Couldn't this be used to do HTML generation from designs? Especially when combined with multiple viewport sizes at the same time, generating a fluid HTML layout would be pretty awesome.

JHonaker2y ago· 1 in thread

Markov Chain Monte Carlo for program synthesis isn't exactly novel. The most immediate reference I thought of is Josh Tenenbaum's [1].

There's also a lot of demos in WebPPL (web probabilistic programming language)[2] like [3] for the synthesis of 3D space-ships. I highly recommend their associated books on The Design and Implementation of Probabilistic Programming Languages [4] and Probabilistic Models of Cognition [5].

I also highly recommend taking a look at the publications of the MIT Probabilistic Computing Project [6].

[1] Human-level concept learning through probabilistic program induction. https://www.cs.cmu.edu/~rsalakhu/papers/LakeEtAl2015Science....

[2] http://webppl.org/

[3] https://dritchie.github.io/web-procmod/

[4] https://dippl.org/

[5] http://probmods.org/

[6] http://probcomp.csail.mit.edu/

marcelroed2y ago

It’s worth noting that Shreyas (the first author) was a student with Tenenbaum at MIT before he went to Berkeley

dinobones2y ago· 1 in thread

I don't understand the "magic" here.

In a traditional approach, you would generate random images, calculate some distance metric, then use some optimization method like simulated annealing to minimize the distance.

I get that the difference between the image representations is being optimzied here, but how is it possible that changing tokens in a program is differentiable?

revalo2y ago

Changing tokens in a program is not differentiable. For me, the key idea is that you can train a neural model to suggest edits to programs by randomly mutating nodes. And when you run this neural model, you get to make edits that are syntactically correct (i.e., a number will only replace a number etc.) according to a context-free grammar.

montyanderson2y ago· 1 in thread

This is fascinating. I've been trying to envisage how the new language models will have deeper or lower-level role in software production than simple code generation.

passion__desire2y ago

I think browsers could be the next iteration. Website backend will have premade flows. e.g. a transfer money from my account to another account, etc. And through fluidic UIs, the website will collect info need, necessary approvals before flow submission. AI-based browser DOM manipulation.

machiaweliczny2y ago· 1 in thread

I had idea about doing something similar based on DifussER paper. One would need to model code edits as algebra similar to add char, replace char or delete char but something like define func, remove func, define var etc. I am undereducated to do it myself but have a feeling it could work.

machiaweliczny2y ago

I will have to dig into this paper as it looks like exactly this. I wonder if they use closures to limit valid operations space.

The only thing I didn’t understand to make it happen was how to connect it well to description of desired program or edit.
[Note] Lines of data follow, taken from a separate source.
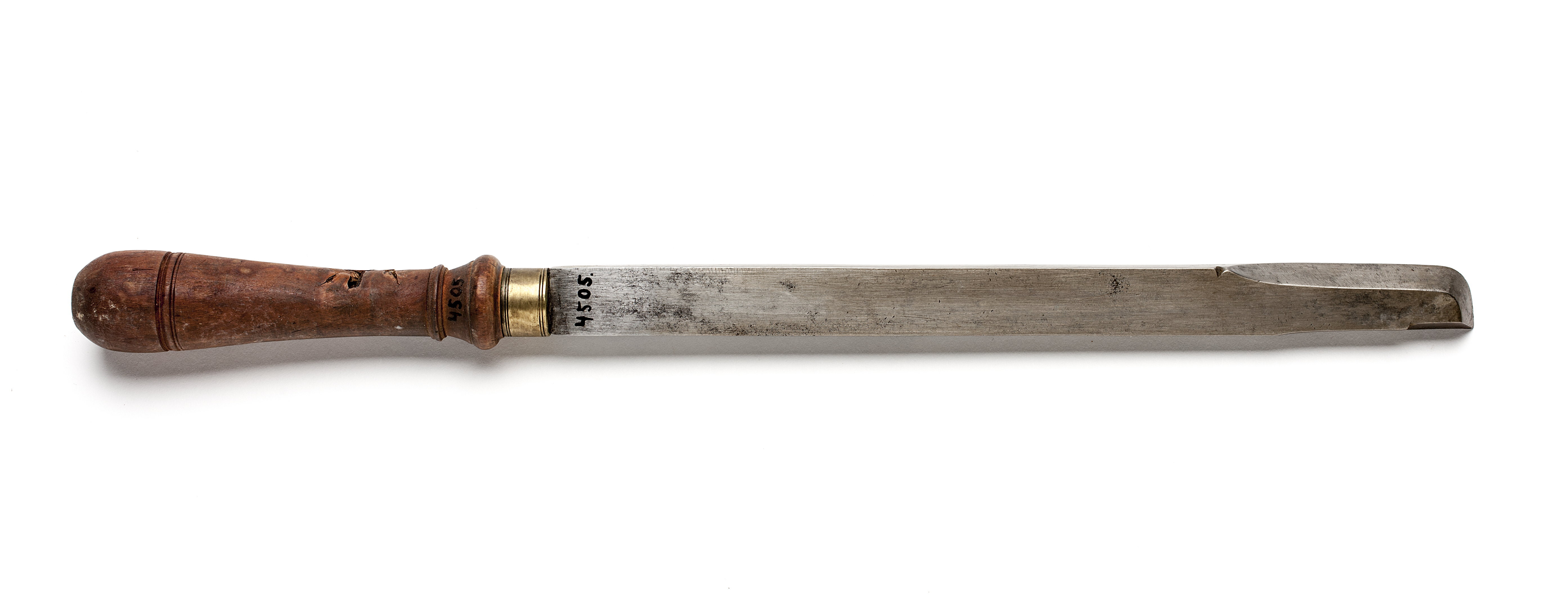 Klinga med rektangulär genomskärning. Kvartscirkelformad egg åt höger. Stämplat på klingan: "EP" och "P" (proberstämpel). Svarvat skaft av päronträ, med två vulster nedtill ("rydboholmstyp"). Mässingsring.
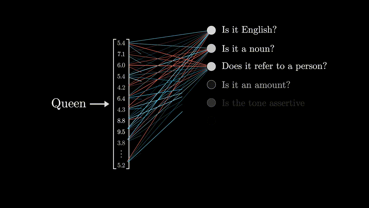 后面会看,从直观上来说,这个步骤有点像对每个向量都提出一组同样的问题,然后根据得到的回答来更新对应的向量:
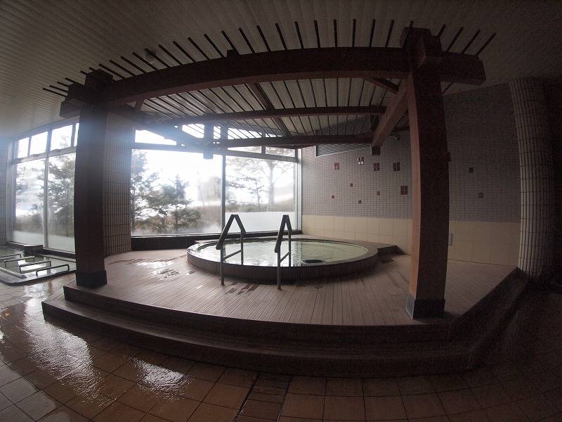 上の2つの湯船の間を進むと、その正面奥に少し雰囲気が異なるスペースがあり、こちらは円形のジャグジーになっていました。
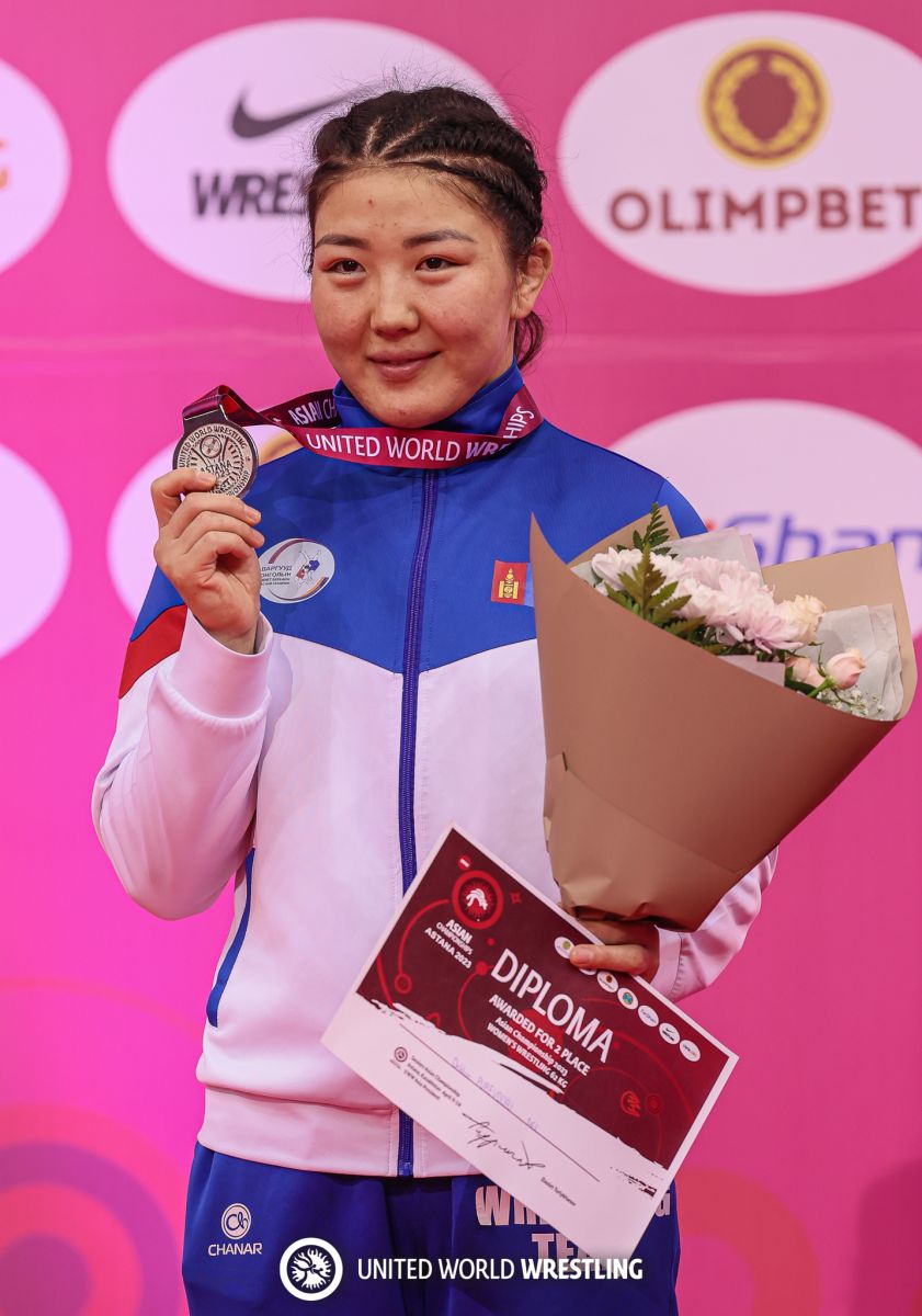 Алтан медалийн төлөөх барилдаанд түүнийг ялсан “Токио-2020” олимпийн наадмын мөнгөн медальт, “Нур-Султан-2019”, “Осло-2021” дэлхийн хошой аварга Кыргызстаны Айсулуу Тыныбекова 5 дахь удаагаа тивийн аваргаар тодров.
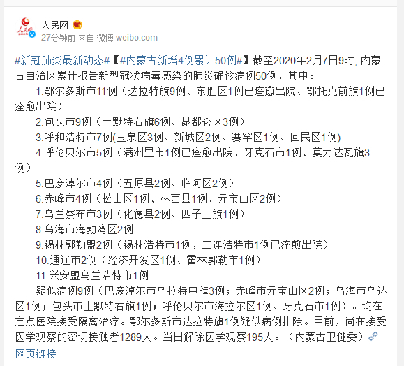 截至2020年2月7日9时, 内蒙古自治区累计报告新型冠状病毒感染的肺炎确诊病例50例,其中:
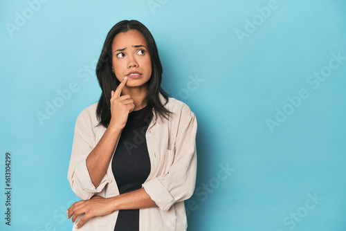 Filipina young woman on blue studio looking sideways with doubtful and skeptical expression.
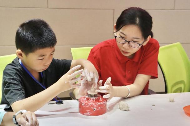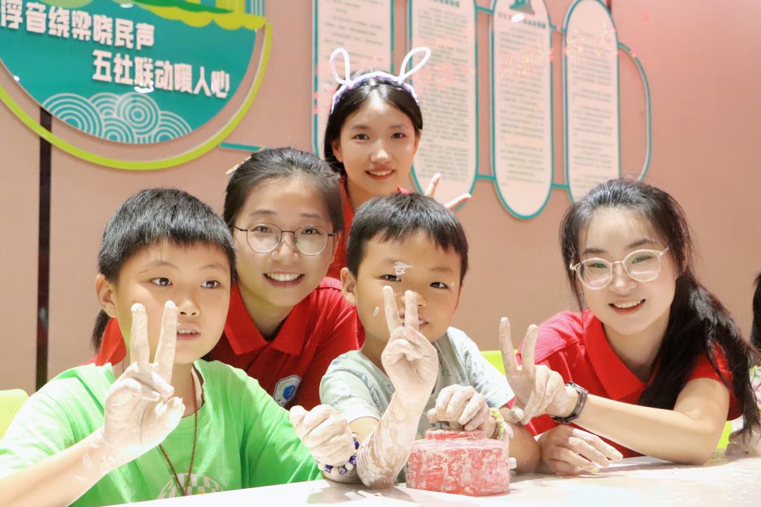 队员在带孩子们进行陶艺体验创作 胡文婷摄
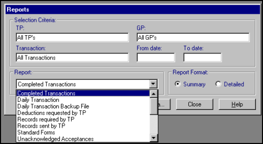 under Report to display the various transaction type report options. Select your selection. The options from the Reporting menu are:- Completed Transactions, Daily Transaction Summary, Daily Transactions Backup File, Deductions requested by TP, Records required by TP, Records sent by TP

BTW my idea was to train it by destructing programs available on github (so adding noise via some random valid ops and then removing it to retrieve original program). Probably best done in N-1 commit is treated as noise and moving back to commit 0

behnamoh2y ago· 1 in thread

How is it different from genetic algorithms that mutate the syntax tree until the target output is achieved?

Karellen2y ago

It's different in the same way that using an LLM instead of a traditional Markov chain is a different way of generating text. You're still predicting the next word at a time to hopefully end up with plausible sentences/paragraphs, but the difference is in how you model the training dataset, and how you use that model to make each next choice in your live application.

zelphirkalt2y ago

This sounds more similar to what people have done with Racket and hint generation for MOOCs. Not sure which university it is again, but I saw a presentation about how they generate hints for students by mutating the syntax tree and analyzing how they had to modify it, to get to a target solution. It was presented at some RacketCon, maybe a decade ago already. Perhaps that knowledge how to do it can be combined with newer machine learning approaches?

EDIT: I found the talk: https://invidious.baczek.me/watch?v=ijyFC36kVis

flakiness2y ago

The PDF is super slow to render, I guess because it contains commands from programmatically generated figures. It gives it a kind of an academic-paper-feel I miss these days.

https://arxiv.org/pdf/2405.20519

aquarius02y ago

The application to inverse graphics tasks reminds me of this paper which was released one week earlier: https://arxiv.org/abs/2405.15306

grondilu2y ago

The application to graphics is interesting. It seems to me that current image generation models struggle with stylized pictures ("ligne claire" in comics, geometric shapes and so on). After all this kinds of pictures should be easy to encode in vectoriel formats (like SVG), which are basically programming languages.

pamelafox2y ago

I would love to see them try this with the Processing/P5Js libraries. Thats what the ASTs reminded me of. It could potentially be used to help students trying to figure out how to fix their programs. I used AST-based hints for my ProcessingJS courses on Khan Academy, but I handwrote the AST patterns for those hints.

goexploration2y ago

The beam search idea is interesting. Curious to know if beam search for reverse diffusion has been done before.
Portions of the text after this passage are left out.